Allí conoció a John Finley, otro cazador que había recorrido el oeste de Kentucky y cuyas historias despertaron aún más si cabe el afán aventurero del joven Daniel. Aunque aún no había llegado el momento para que persiguiera sus sueños de explorador ya que hubo de retornar para colaborar en la granja familiar y contrajo matrimonio con Rebecca Bryan con quien llegaría a tener 10 hijos. Pero la vida seguiría sin ser fácil para Boone, en 1759 Yadkin fue atacado por los indios Cheroquis y muchos de los colonos, incluyendo él y su familia, decidieron mudarse al condado de Culpepper, en Virginia. Tres años después regresó a carolina del Norte, al mismo valle Yadkin y sirvió en la milicia de aquel territorio durante la guerra, para una vez finalizada esta trabajar durante largo tiempo como cazador profesional hasta que debido al aumento de la población en el valle, la caza comenzó a escasear, provocándole graves problemas económicos al ver reducidos sus ingresos y viéndose obligado a tener que vender sus tierras ante las deudas contraídas. 

Preparó entonces su marcha buscando un futuro más prometedor hacia La Florida, ya territorio británico tras el fin de la guerra, y compró terrenos en la colonia de Pensacola, encontrándose a su vuelta a Virginia para recoger a su familia con que su mujer se negara a ir a vivir a las nuevas tierras. Entonces se adentró con su familia en una zona más remota del mismo valle Yadkin y comenzando a cazar en terriotorios más al Oeste por las montañas Blue Ridge en Tennessee. En mayo de 1769 se unió a su viejo amigo John Finley para participar en la expedición de caza liderada por este que recorrería durante un par de años las tierras de Kentucky, encontrándose con un verdadero paraíso de infinitos y verdes prados ideales para el asentamiento de colonos y en los que se prometió a sí mismo que algún día se asentaría allí con su familia. Pero en diciembre fue apresado junto a sus compañeros por los indios Shawnis...

Continuará.
Autor: Ramiro Mieres "Cuchillo de Lobo"

Daniel Boone (Cap.2)

En el anterior capítulo vimos que Daniel Boone En mayo de 1769 se había unido a su viejo amigo John Finley en la expedición de caza liderada por este que recorrería durante un par de años las tierras de Kentucky y que en diciembre fueron apresados junto a sus compañeros por los indios Shawnis para quienes aquellas tierras eran una zona tradicional de caza. Estos finalmente después de quitarles todas las pieles que habían conseguido cazando les pusieron en libertad no sin advertirles de que no volvieran por allí. Sin embargo haciendo caso omiso de las advertencias Boone siguió sus correrías de exploración y caza en los terriotios de Kentucky y Tennessee, siendo entonces cuando dio a conocer la luego conocida como Wilderness Road, que atravesaba los Apalaches através del desfiladero de Cumberland y fundó en su salida occidental Fort Boonesboro, una de las primeras colonias asentadas al Oeste de los Apalaches. Por este paso antes de finalizar el siglo XVIII se adentrarían más de 200.000 colonos rumbo al Oeste, aunque no fue para nada sencillo y como veremos para llegar a esto antes habrían de solucionarse no pocos problemas.

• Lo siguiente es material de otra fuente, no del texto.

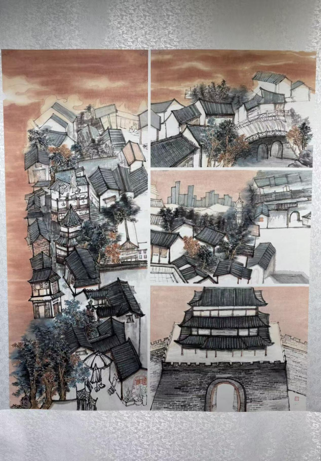 《小城记忆》是以聊城古城为主题的山水作品,以传统水墨技法为基础,结合淡彩设色,将聊城古城的传统民居、城楼建筑与现代城市景观进行视觉并置。通过古今场景的对话,串联起小城的时代印记。
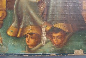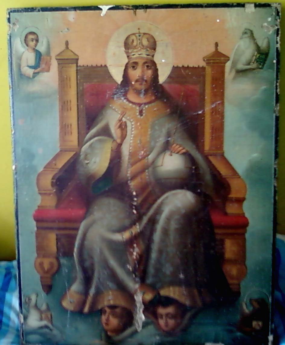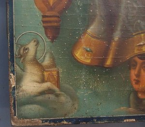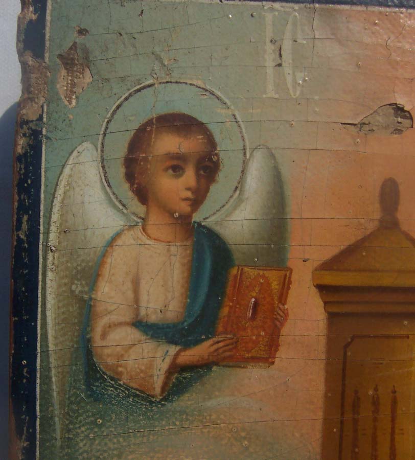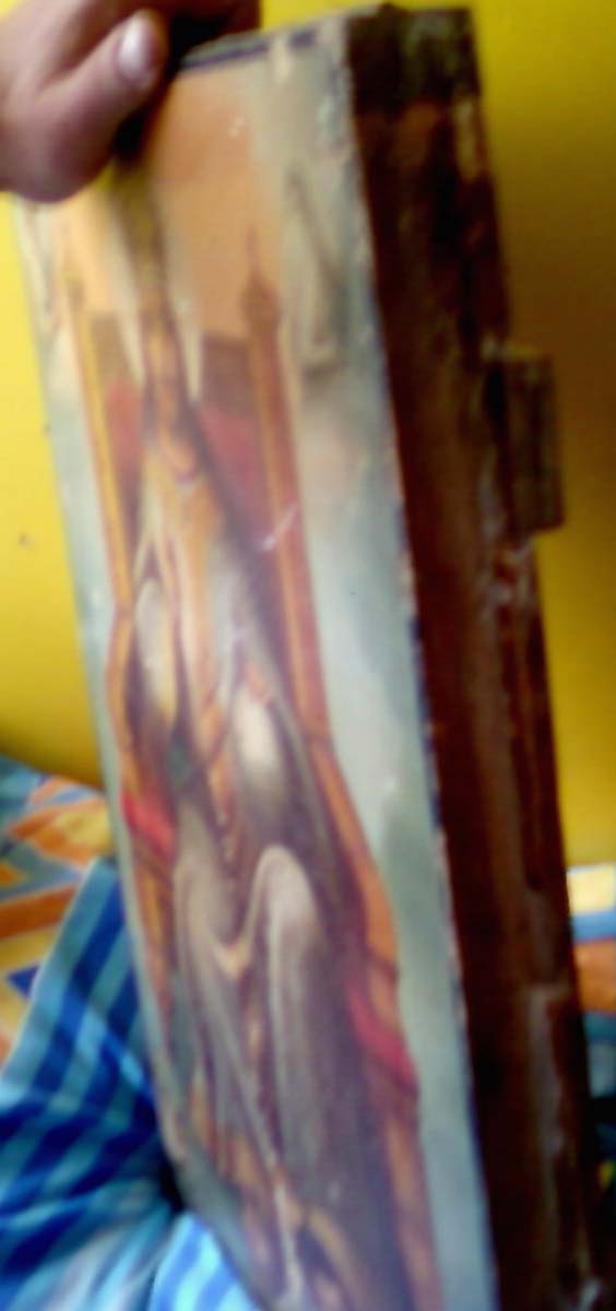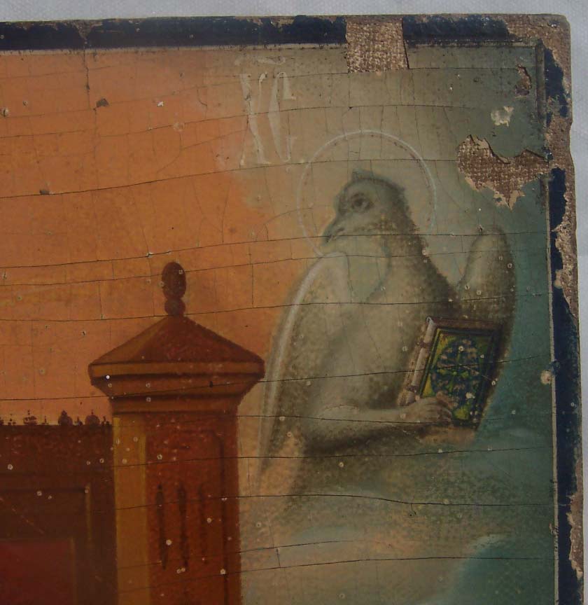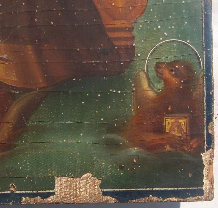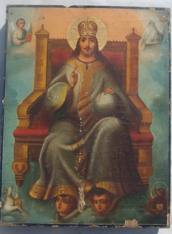 Предлагаю икону "Спас на троне с символами апостолов-евангелистов" в довольно хорошем состоянии,размер 60см на 40см,толщина - 4см.

En 1773 trató de establecerse definitivamente como había planeado en Kenctucky, pero en el transcurso del viaje un ataque de los indios tuvo como resultado la muerte de su hijo mayor James, decidiendo regresar a Pennsylvania y presentándose voluntario al verano siguiente para advertir a los topógrafos que trabajaban en Kenctucky del próximo inicio de una nueva campaña de hostilidades indias. En apenas dos meses cabalgó 1.300 kilómetros para tratar de convencer a todos aquellos que aún permanecían en la región para que la abandonasen y a su regreso participó destacadamente en la defensa victoriosa de las colonias del río Clinch, llegando al grado de capitán de la milicia por aclamación popular. Hay que tener en cuenta que en 1768 la Corona Británica y los iroqueses firmaron el Tratado de Fort Stanwix de 1768, por el que los iroqueses cedían las tierras del actual Kentucky, sobre las que no tenían la exclusividad, ya que también constituían terrenos de caza para los cherokee, en el norte, y los shawnee, en el sur. En consecuencia, cuando los colonos empezaron a irrumpir en la zona se desató la resistencia de los pueblos nativoamericanos, hasta derivar en la Guerra de Dunmore de 1774, que enfrentó principalmente a los shawnee y a la Colonia y Dominio de Virginia. La derrota de los shawnee se tradujo en el cese de sus reclamaciones sobre la zona.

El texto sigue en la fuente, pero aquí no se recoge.